* [Aim of the exercise]:
Without the images, write out the whole listing exactly.

* [Data excerpt]:
▬▬▬

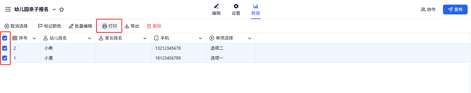 在数据页面选中目标数据后,右上侧选择「打印」。专业增强版套餐一次最多支持打印 30 条数据,企业版套餐一次最多支持打印 500 条数据。
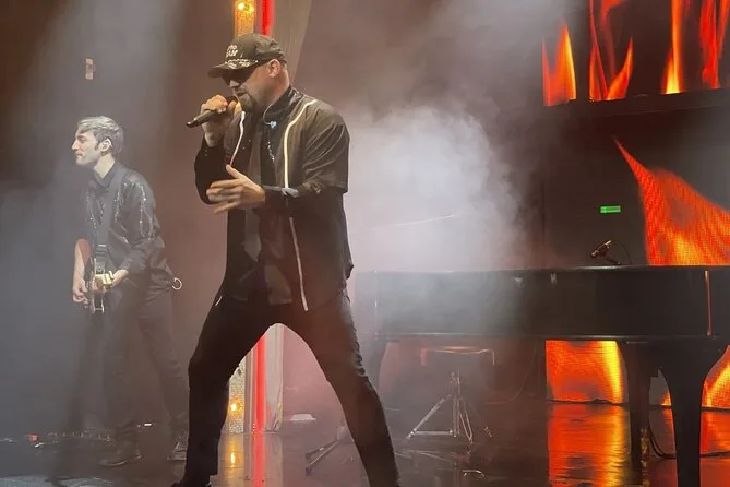 Nos acomodamos en nuestros asientos del V Theater dentro de Planet Hollywood, llegando justo a tiempo porque me distraje con el caos de neón de Miracle Mile Shops (es imposible no hacerlo). Las luces bajaron y de inmediato, Kyle Martin se apoderó del escenario — se sentía en el aire. Cantó “Uptown Girl” y la gente a nuestro alrededor empezó a cantar como si hubieran esperado toda la semana por esto. Hay algo en escuchar “Tiny Dancer” en vivo que te hace sentir el pecho más ligero, ¿sabes? Me sorprendí tarareando incluso en los momentos tranquilos entre canciones.
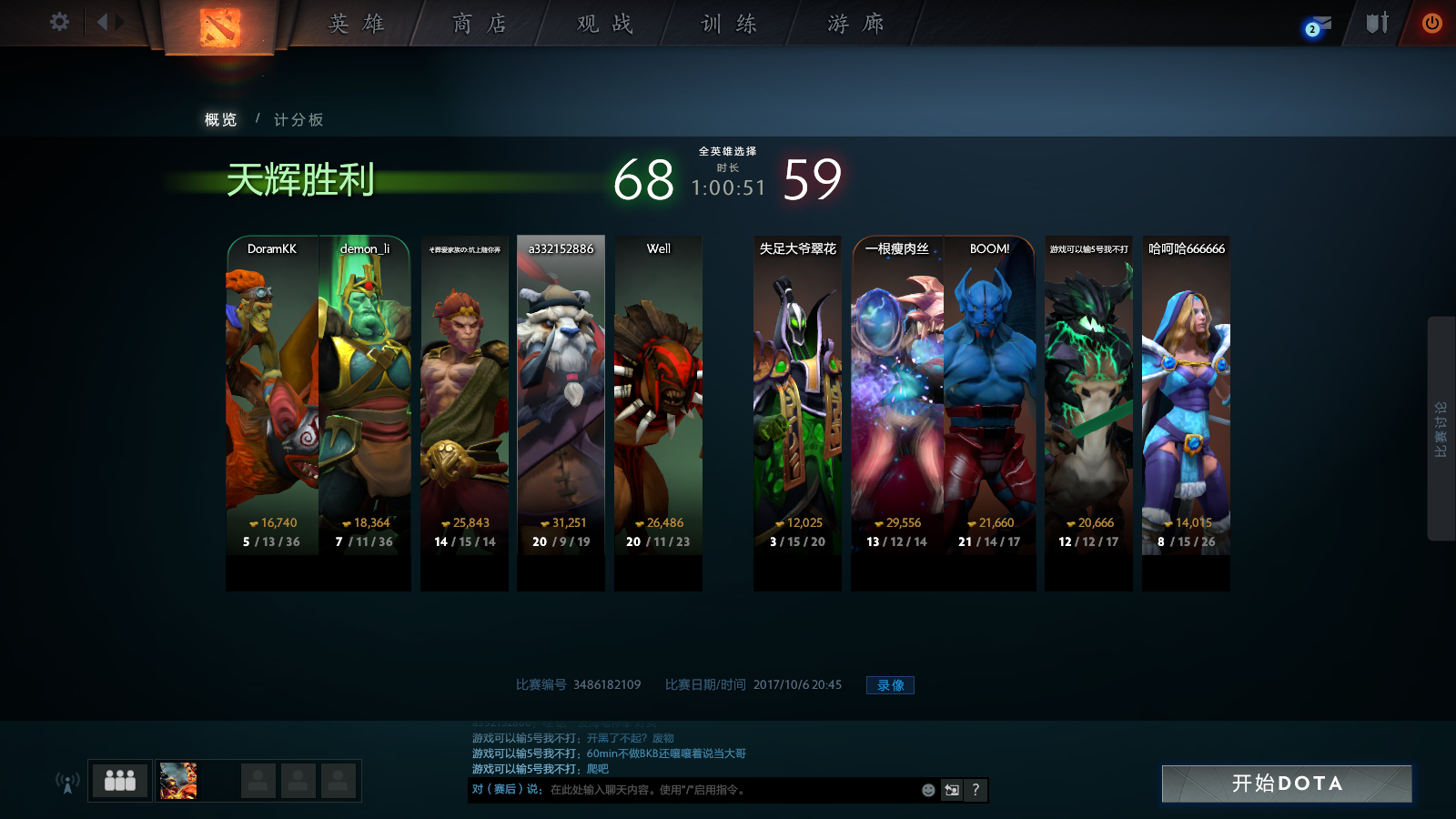 然后后面补出大隐刀、第二把狂战、撒旦(没做完)。开始全程参团,时不时大招清兵带线。

▬▬▬

* [Solution to the problem]:
 在数据页面选中目标数据后,右上侧选择「打印」。专业增强版套餐一次最多支持打印 30 条数据,企业版套餐一次最多支持打印 500 条数据。
 Nos acomodamos en nuestros asientos del V Theater dentro de Planet Hollywood, llegando justo a tiempo porque me distraje con el caos de neón de Miracle Mile Shops (es imposible no hacerlo). Las luces bajaron y de inmediato, Kyle Martin se apoderó del escenario — se sentía en el aire. Cantó “Uptown Girl” y la gente a nuestro alrededor empezó a cantar como si hubieran esperado toda la semana por esto. Hay algo en escuchar “Tiny Dancer” en vivo que te hace sentir el pecho más ligero, ¿sabes? Me sorprendí tarareando incluso en los momentos tranquilos entre canciones.
 然后后面补出大隐刀、第二把狂战、撒旦(没做完)。开始全程参团,时不时大招清兵带线。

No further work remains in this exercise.